I am not sure if this is the right group to send this request, if not
please guide. I am hoping to make a positive contribution to this community.
I have used IOIO in past and have started using it for a pretty big project
using some intricate hardware. I ran into problems for effectively using
I2C devices and most of these were attributed to the fact that
ioio.lib.api.TwiMaster.Result has a waitReady that blocks forever. This is
problematic esp. when the I2C slave's behavior is not always completely
determistic - as is the case with many complex hardwares. The thread blocks
forever and recovery logic becomes more complex than original operation
esp. when monitoring multiple such devices. For now I had to resort to some
pretty ugly work-arounds. However, a waitReady in Result that times out -
would make an application developer's task a lot easier. So I have the
following suggestion, which I would appreciate if you can please consider
to make something similar to this available in your next API release.

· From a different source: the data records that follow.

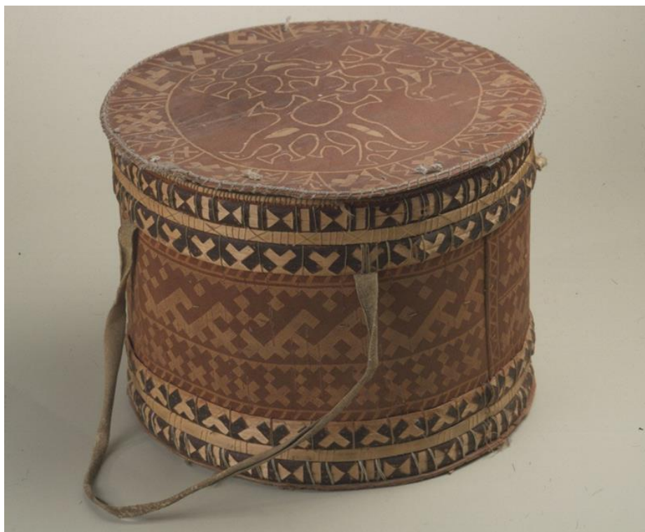
Рисунок 2. Выскабливание и аппликация по бересте

Тиснение. Его выполняют тупой стороной ножа, и чаще всего узор имеет сетчатый характер. Штампы для украшения сосудов изготавливали из оленьего или лосиного рога, на поперечном срезе которого вырезали узор. Орнамент, выполненный с помощью штампа, имеет геометрический характер и часто напоминает след какого-либо зверя. В настоящее время используются современные металлические штампы (Рисунок 4).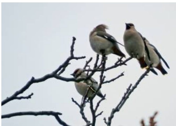
Amatérské záběry brkoslava severního v Lubné

Na konci zimy jsme mohli pozorovat i u nás v Lubné brkoslava severního, který jinak žije na severu Evropy, ve Skandinávii, na Sibiři a Dálném východě. V zimě přelétá v hejnech a stahuje se na jih do střední Evropy, kde vyhledává zbytky jeřabin, šípků, plody jmelí a nesklizená jablka na zahradách.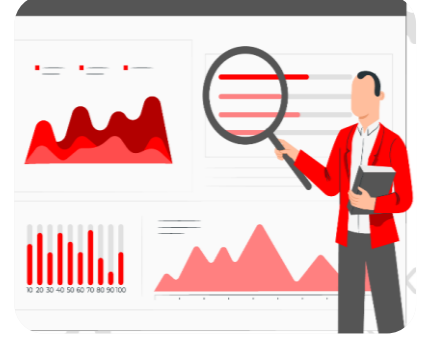
Tablo 2. Projelerin Sektöre Göre Harcama Detayları

Üniversitemiz 2020 yılı yatırım bütçesinin başlangıç ödenekleri toplamı 11.000.000,00 TL olup yıl içerisinde eklenen ve tenkis edilen ödeneklerle birlikte yılsonu ödenek toplamı 14.000.000,00 TL olmuştur. Projelerin sektöre göre harcama detayları aşağıdaki çizelgede yer almaktadır: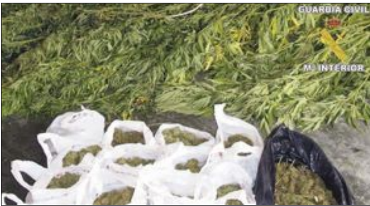
Plantas incautadas por la Guardia Civil

La operación tuvo lugar en Finca Terol el 14 de septiembre

In ioio.lib.impl.ResourceLifeCycle, add the following method:
protected synchronized void safeWait*(long millis)* throws
ConnectionLostException, InterruptedException {
if (state_ == State.CLOSED) {
throw new InterruptedException("Resource closed");
} else if (state_ == State.DISCONNECTED) {
throw new ConnectionLostException();
}
wait(*millis*);
}
In ioio.lib.api.TwiMaster.Result interface, add the following method:
public boolean waitReady*(long millis)* throws ConnectionLostException,
InterruptedException;
In ioio.lib.impl.TwiMasterImpl.TwiResult class, add the following method:
@Override
public synchronized boolean waitReady*(long millis)* throws
ConnectionLostException,
InterruptedException {
checkState();
while (!ready_) {
safeWait(*millis*);
}
return success_;
}
Another issue for working with I2C devices, I was not able to come up with
a reliable solution to "ping" a I2C slave with IOIO master to determine if
slave is indeed present. For example, connecting my I2C device to a
bus-pirate, master can write an address of the slave on the bus and obtain
an ACK and this would be an indication that a slave is indeed present at
that address. My logic analyzer shows the same with this bus-pirate setup.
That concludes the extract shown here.